→ AIM OF THE EXERCISE
Below are the records; print them again exactly and omit the pictures.

Data excerpts:
'''
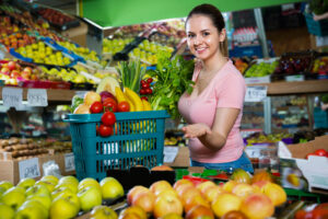 Portrait of young satisfied female purchaser holding shopping basket with fruits and vegetables
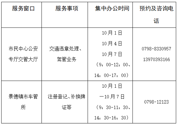 2024年国庆节将至,为方便外出务工、经商、求学返乡群众办证办事,确保错时延时服务不间断,景德镇市城区公安户政、出入境、交管窗口于国庆节积极开展错时延时办公,非延时期间提供预约服务(请工作时间电话预约)。具体如下:
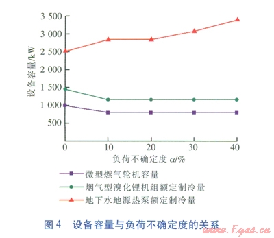 在上述5種工況的優(yōu)化配置方案中,各種設(shè)備的優(yōu)化容量與負(fù)荷不確定度的具體關(guān)系見圖4,其中,溴化鋰機(jī)組和熱泵機(jī)組僅給出了額定制冷量。由圖4可以看出,隨著負(fù)荷不確定度a的增加,地下水地源熱泵機(jī)組的額定制冷量因考慮極限工況而逐漸增大,而微型燃?xì)廨啓C(jī)發(fā)電機(jī)組和煙氣型溴化鋰機(jī)組的容量在考慮負(fù)荷不確定性后反而有所減小。這是因?yàn)轸敯魞?yōu)化配置避免了在負(fù)荷需求偏小時(shí)出現(xiàn)由于所有設(shè)備容量均增大而引起的年總費(fèi)用后悔值增大的情況,從而降低了系統(tǒng)的優(yōu)化配置方案在實(shí)際運(yùn)行時(shí)的經(jīng)濟(jì)風(fēng)險(xiǎn),使其更具經(jīng)濟(jì)魯棒性。
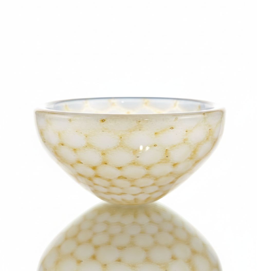 Skleněná, ručně tvarovaná miska s ozdobným vzorem v bílotopasové barvě.
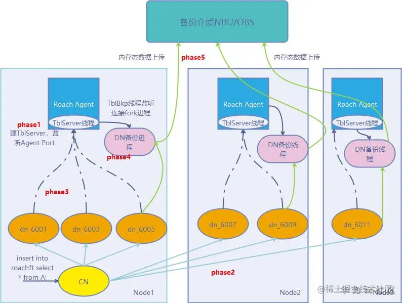 - Phase1: 备份数据的命令被Master下发给所有Agent,连一个CN,连数据库创建外表导出server、创建导出外表,每个节点的Roach Agent同样会创建一个TblServer线程,监听Agent Port端口,等待DN连接;
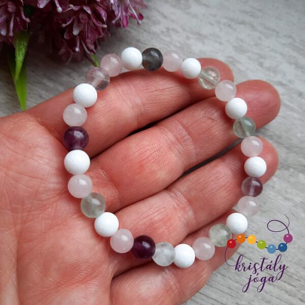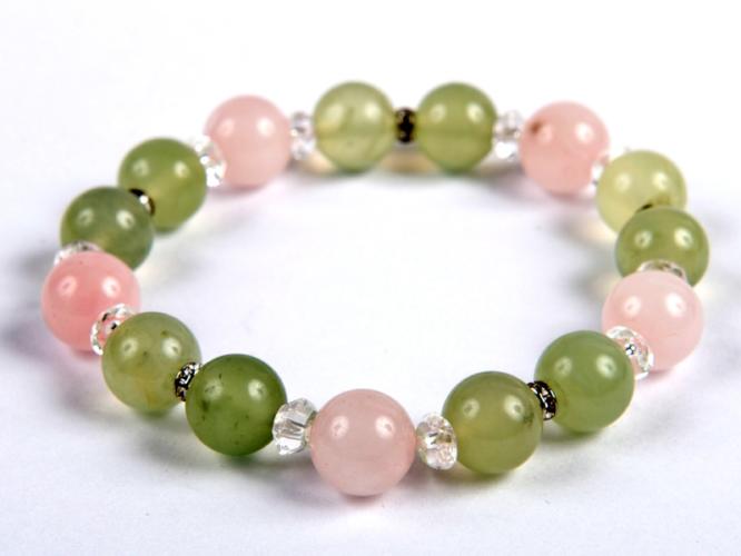 A 6 mm-es rózsakvarc, jáde és roppantott hegyikristály gyöngyök gumira vannak felfűzve. Amit a jádéről érdemes tudnod: A Jáde egy gyűjtőcsoportja a kövek egy fajtájának. A zöld kínai jáde az egyik legnépszerűbb és leggyakoribb a csoporton belül, amelyik hazájában Kínában nemzeti kőnek számít. Lelki gyógyhatás: A zöld szín általános nyugtató hatással bír. Iga
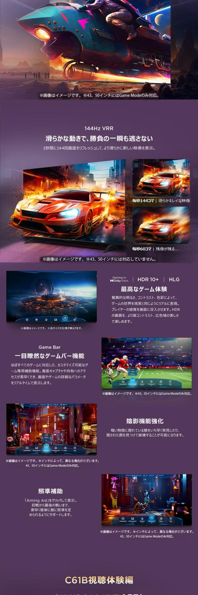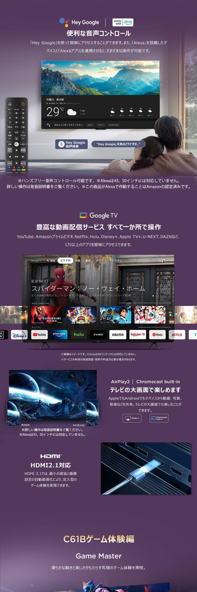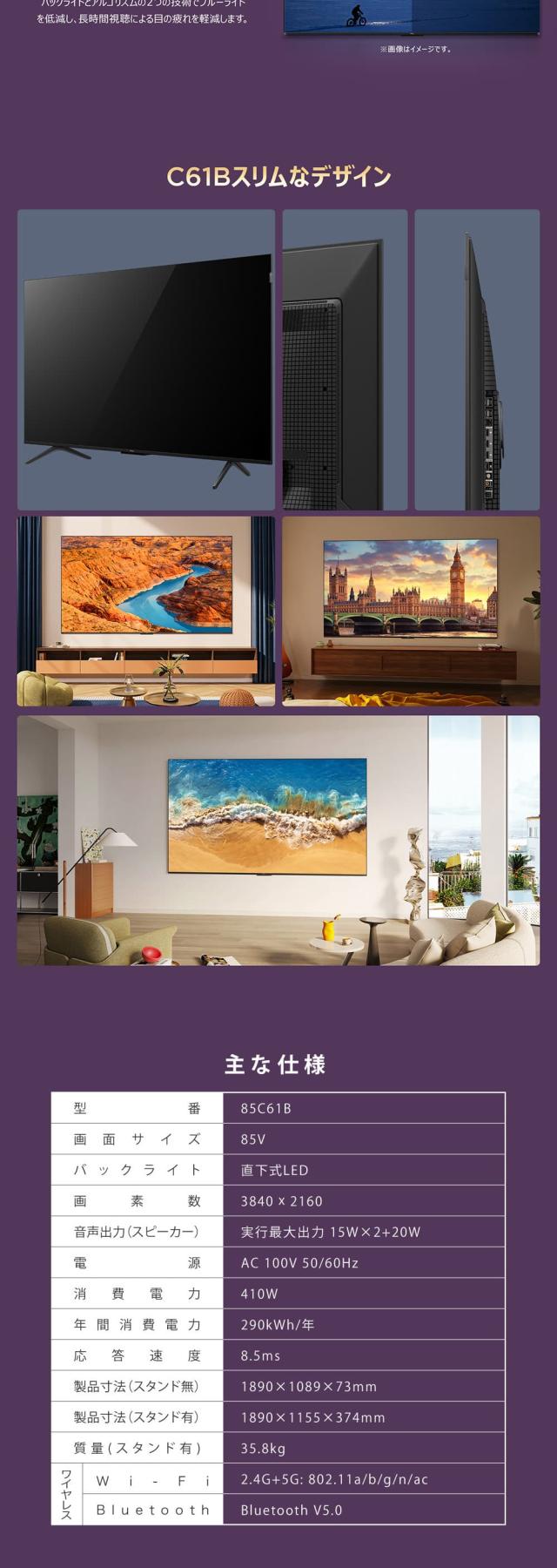 液晶テレビ 本体 4K内蔵 85型 85インチ TCL 85C61B 地上・BS・CSデジタル
'''
→ RESPONSE BOX
 Portrait of young satisfied female purchaser holding shopping basket with fruits and vegetables
 2024年国庆节将至,为方便外出务工、经商、求学返乡群众办证办事,确保错时延时服务不间断,景德镇市城区公安户政、出入境、交管窗口于国庆节积极开展错时延时办公,非延时期间提供预约服务(请工作时间电话预约)。具体如下:
 在上述5種工況的優(yōu)化配置方案中,各種設(shè)備的優(yōu)化容量與負(fù)荷不確定度的具體關(guān)系見圖4,其中,溴化鋰機(jī)組和熱泵機(jī)組僅給出了額定制冷量。由圖4可以看出,隨著負(fù)荷不確定度a的增加,地下水地源熱泵機(jī)組的額定制冷量因考慮極限工況而逐漸增大,而微型燃?xì)廨啓C(jī)發(fā)電機(jī)組和煙氣型溴化鋰機(jī)組的容量在考慮負(fù)荷不確定性后反而有所減小。這是因?yàn)轸敯魞?yōu)化配置避免了在負(fù)荷需求偏小時(shí)出現(xiàn)由于所有設(shè)備容量均增大而引起的年總費(fèi)用后悔值增大的情況,從而降低了系統(tǒng)的優(yōu)化配置方案在實(shí)際運(yùn)行時(shí)的經(jīng)濟(jì)風(fēng)險(xiǎn),使其更具經(jīng)濟(jì)魯棒性。
 Skleněná, ručně tvarovaná miska s ozdobným vzorem v bílotopasové barvě.
 - Phase1: 备份数据的命令被Master下发给所有Agent,连一个CN,连数据库创建外表导出server、创建导出外表,每个节点的Roach Agent同样会创建一个TblServer线程,监听Agent Port端口,等待DN连接;
 A 6 mm-es rózsakvarc, jáde és roppantott hegyikristály gyöngyök gumira vannak felfűzve. Amit a jádéről érdemes tudnod: A Jáde egy gyűjtőcsoportja a kövek egy fajtájának. A zöld kínai jáde az egyik legnépszerűbb és leggyakoribb a csoporton belül, amelyik hazájában Kínában nemzeti kőnek számít. Lelki gyógyhatás: A zöld szín általános nyugtató hatással bír. Iga
 液晶テレビ 本体 4K内蔵 85型 85インチ TCL 85C61B 地上・BS・CSデジタル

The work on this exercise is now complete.